- **Work to complete**
Of the material below, the lines to be retyped are those from the line containing "由于化学成分和热机轧制参数的" through the line containing "HYLEORY All Season", inclusive; reproduce them exactly.

- **Records for the task**
◆ ◆ ◆ ◆
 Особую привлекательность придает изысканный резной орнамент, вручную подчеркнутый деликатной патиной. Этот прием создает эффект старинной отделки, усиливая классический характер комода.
◆ ◆ ◆ ◆
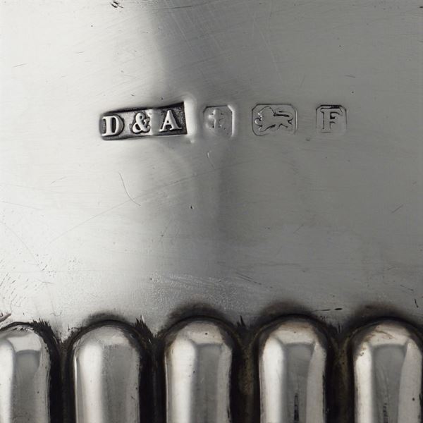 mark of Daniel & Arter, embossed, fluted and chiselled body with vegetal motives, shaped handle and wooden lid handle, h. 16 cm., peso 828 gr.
◆ ◆ ◆ ◆
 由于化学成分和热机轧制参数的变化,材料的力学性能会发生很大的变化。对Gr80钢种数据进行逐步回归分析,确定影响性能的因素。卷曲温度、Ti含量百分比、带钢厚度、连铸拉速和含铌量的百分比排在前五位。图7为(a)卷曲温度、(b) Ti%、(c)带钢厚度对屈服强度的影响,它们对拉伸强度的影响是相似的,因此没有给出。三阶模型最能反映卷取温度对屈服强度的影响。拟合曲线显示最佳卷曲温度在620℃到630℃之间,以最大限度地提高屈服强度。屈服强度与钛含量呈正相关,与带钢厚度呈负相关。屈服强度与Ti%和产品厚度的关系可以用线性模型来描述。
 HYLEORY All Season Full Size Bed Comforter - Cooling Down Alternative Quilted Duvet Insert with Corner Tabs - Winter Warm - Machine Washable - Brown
◆ ◆ ◆ ◆
- **Answer to this problem**
 由于化学成分和热机轧制参数的变化,材料的力学性能会发生很大的变化。对Gr80钢种数据进行逐步回归分析,确定影响性能的因素。卷曲温度、Ti含量百分比、带钢厚度、连铸拉速和含铌量的百分比排在前五位。图7为(a)卷曲温度、(b) Ti%、(c)带钢厚度对屈服强度的影响,它们对拉伸强度的影响是相似的,因此没有给出。三阶模型最能反映卷取温度对屈服强度的影响。拟合曲线显示最佳卷曲温度在620℃到630℃之间,以最大限度地提高屈服强度。屈服强度与钛含量呈正相关,与带钢厚度呈负相关。屈服强度与Ti%和产品厚度的关系可以用线性模型来描述。
 HYLEORY All Season Full Size Bed Comforter - Cooling Down Alternative Quilted Duvet Insert with Corner Tabs - Winter Warm - Machine Washable - Brown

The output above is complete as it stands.